After each step in the learning phase (i.e., whenever a new unit is added to ISL layer), we have an evaluation phase to test the model discriminability between new identities. For this purpose, we use an evaluation dataset. The dataset contains 740 face images (20 identities, each in 37 views) that travel through the model’s hierarchical structure and produce different patterns of activities, especially in the last layer. Finally, the discriminability between identities is measured and compared to the previous state of the model (before adding new units), using a View-invariant Identity Selectivity Index (VISI), which measures identity selectivity, and a support vector machine (SVM) classifier to calculate identification accuracy in invariant face recognition. The VISI value is compared with a threshold; a value less than the threshold indicates that the new modification (units added to the model) had no significant impact on improving the discriminability. Therefore, the new added units are removed. As the representational space is developed, the learning process is saturated (i.e., goes from coarse to fine), and only a few units will be added to the model, Fig. 1. An SVM classifier is also trained on 18 face views of 20 identities of evaluation dataset (randomly selected from 37 face views) and tested on 19 face views. As shown in Fig. 1C, the identification accuracy is saturated during the learning procedure. When the learning procedure finishes, the parameters become fixed and does not alter in further experiments.

View Selectivity Index

To calculate view selectivity index, a similarity matrix58 was computed from responses of three last layers. We then computed “view selectivity index” as follows: For each 740 × 740 similarity matrix (X) for test images (20 identities in 37 views), we computed the mean correlation along the squares (20 × 20) around the main diagonal of X and divided by the average of other parts of the matrix (Fig. 2G). The values of the main diagonal were omitted from the calculation because the correlation is always one on the diagonal.

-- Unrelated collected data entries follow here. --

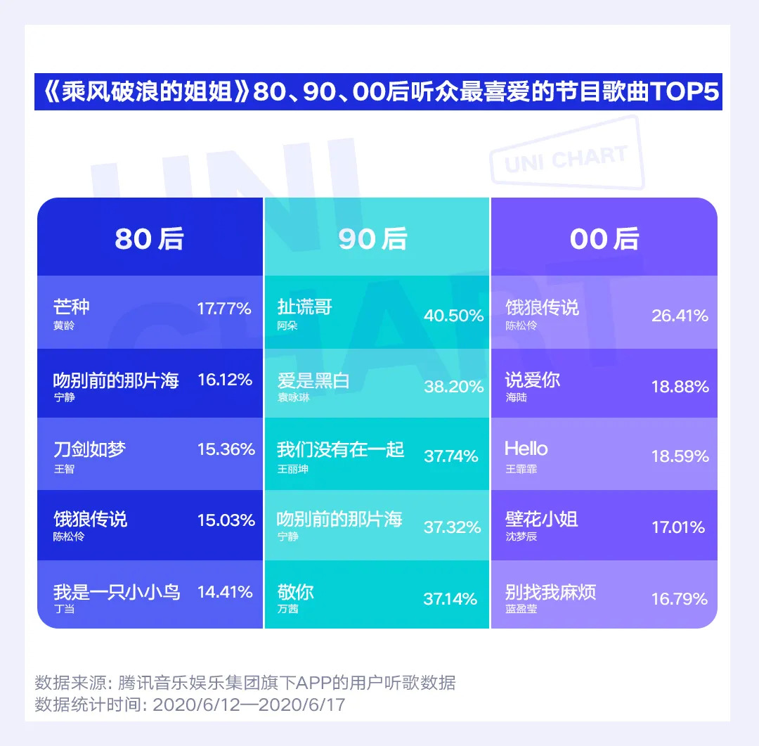 不同年龄段听众都关注《乘风破浪的姐姐》中的什么?
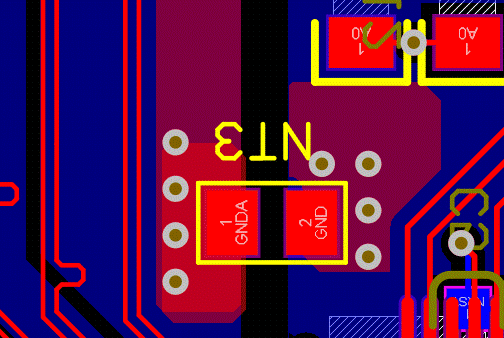 分離地平面:將地線分為模擬地和數(shù)字地兩個(gè)區(qū)域,并使用兩個(gè)獨(dú)立的地平面來布線。這樣可以防止模擬信號(hào)和數(shù)字信號(hào)間的互相干擾,其中,模擬地與數(shù)字地的距離不下于1mm,由于結(jié)構(gòu)限制畫不了這么寬的則可適當(dāng)?shù)臏p小。
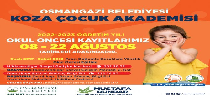 Sosyal hayatın gelişimine katkı sağlayarak kültürel faaliyet alanları oluşturan Koza Çocuk Akademi’nin yeni dönem kayıtlarının başladığını duyuran Osmangazi Belediye Başkanı Mustafa Dündar, “Koza Çocuk Akademi ile bu dönem Ocak 2017 ve Şubat 2018 arası doğumlu öğrencilerimize okul öncesi eğitimi vereceğiz. Uzman eğitmenlerimiz eşliğinde çocuklarımızı sevgiyle yarınlara hazırlayacağız. Vaktini değerli geçirmek isteyen tüm evlatlarımız, 22 Ağustos tarihine kadar https://kozaakademi.osmangazi.bel.tr/ adresinden kayıt yaptırabilir” dedi.

Figure 2. Representational geometries of face views and identities in ISL, VSL, and C2.

Figure 2

Top row (A–C). Similarity matrices computed based on activities in ISL, VSL, and C2, from left to right, respectively. For each of these layers, a 100 × 100 similarity matrix was constructed by calculate the pairwise correlation (Pearson’s correlation) between the extracted feature vectors for 10 sample subjects in 10 sample face viewpoints (viewpoints are in the steps of 20° from −90° to 90°). Bottom row (D–F): Each panel depicts the results of multidimensional scaling (MDS) for responses to the face images in different layers (D: ISL, E: VSL, and F: C2). Each plot shows the location of 10 subjects (indicated by numbers from 1 to 10) at 10 face views (indicated by 10 different colors, shown in the right inset) for the first two dimensions of the MDS space. Note that the clusters of the face views and face identities are formed in VSL and ISL, respectively. (G) The method for calculating view selectivity index (VSI) and view-invariant identity selectivity index (VISI) are shown in this part. Pale blue values are divided to dark blue values. The diagonal line is omitted from the calculations. (H) VISI is significantly higher in ISL compared to VSL and C2 (ranksum test, p = 0.001). Face views are better decoded in VSL compared to ISL and C2 layers.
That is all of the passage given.